High-level and low-level runtimes #

  • High-level runtime. It pulls images, unpacks and stores them, and manages the container lifecycle. containerd and CRI-O are the prime examples. The high-level runtime is what the kubelet talks to directly.
  • Low-level runtime. The lowest layer, which actually sets up the Linux kernel’s namespaces and cgroups to isolate and run the process. runc is the de facto standard, and high-level runtimes call runc internally.

To sum up: the kubelet calls containerd, and containerd calls runc to start the container process. Think of containerd as the “manager” and runc as the “executor,” each handling its own role.

The OCI standard #

If runtimes and images each go their own way, compatibility breaks. The standard that prevents this is the OCI (Open Container Initiative). OCI consists of two specifications.

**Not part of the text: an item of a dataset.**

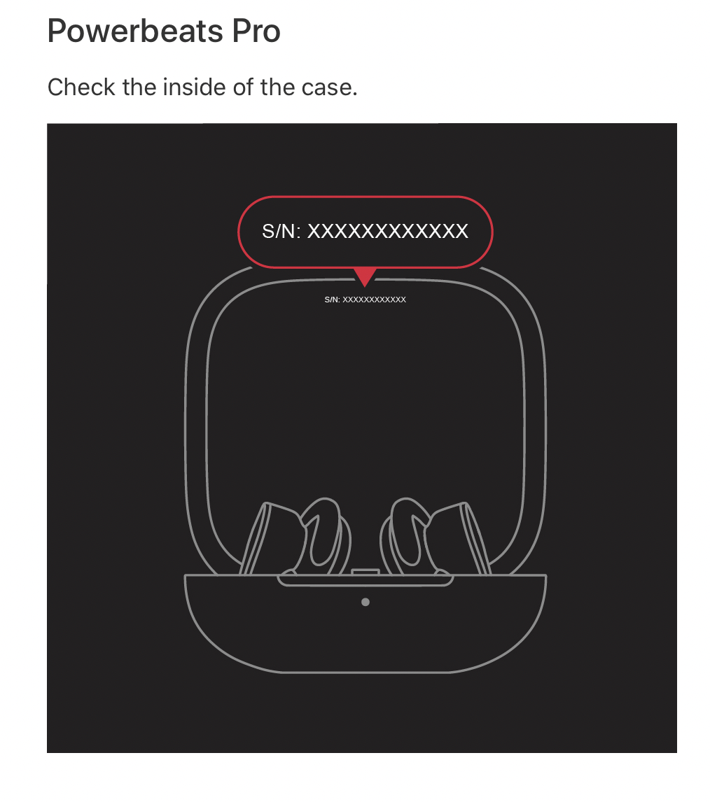how can i find the serial number of powerbeats pro if none of the suggested means works?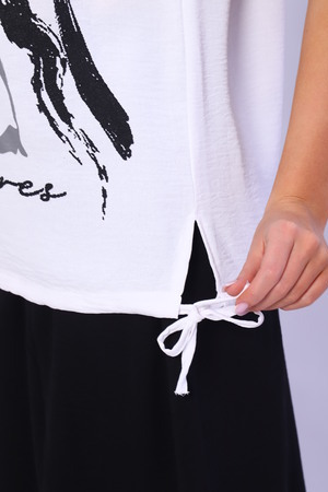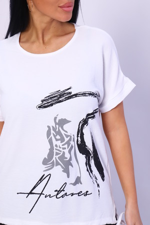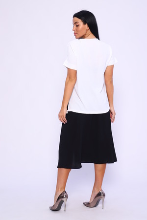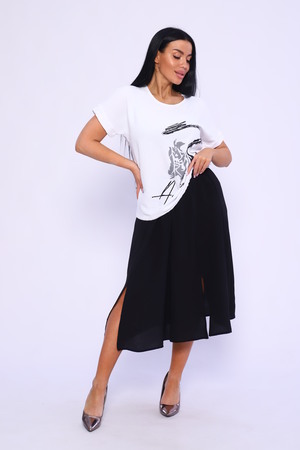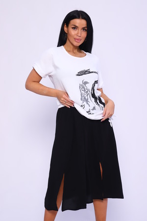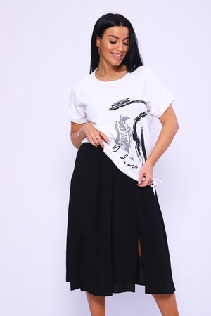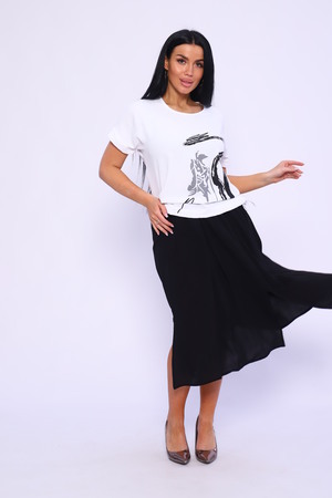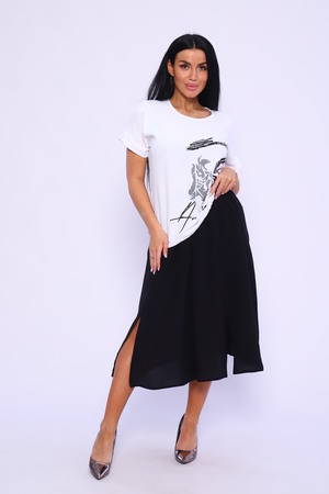 Женская двойка прямого силуэта. Верх комплекта в белом цвете с цветным принтом, короткий цельнокроеный рукав, низ футболки имеет свойство затягиваться, поэтому ее можно носить спущенную на юбку, а можно затянуть и оставить над ней, что подчеркнет вашу талию. Низ - свободная юбка двух цветов, с двумя разрезами снизу. Костюм повседневный и удобный, из легкой ткани сингапур, что хорошо для жаркого лета.

  • image-spec. Defines the format of a container image (layer structure, manifest, and so on).
  • runtime-spec. Defines how an unpacked image should be run (filesystem bundle, lifecycle).

Thanks to OCI, an image built with any tool runs identically on any OCI-compliant runtime. runc is the reference implementation of the OCI runtime-spec.

CRI: the boundary between kubelet and runtime #

The CRI (Container Runtime Interface) is the standard gRPC API between the kubelet and the container runtime. The kubelet talks to the runtime only through this agreed-upon interface, so whether containerd or CRI-O sits behind it, the kubelet code does not change. This boundary is why swapping the runtime does not shake Kubernetes.

Early Kubernetes kept a conversion layer called dockershim in the core in order to use Docker, but as standard CRI runtimes took hold, dockershim was removed in v1.24 (the dockershim deprecation). Images built with Docker follow the OCI standard, so they run just fine on top of containerd. The key point is that the build tool and the runtime are separate things.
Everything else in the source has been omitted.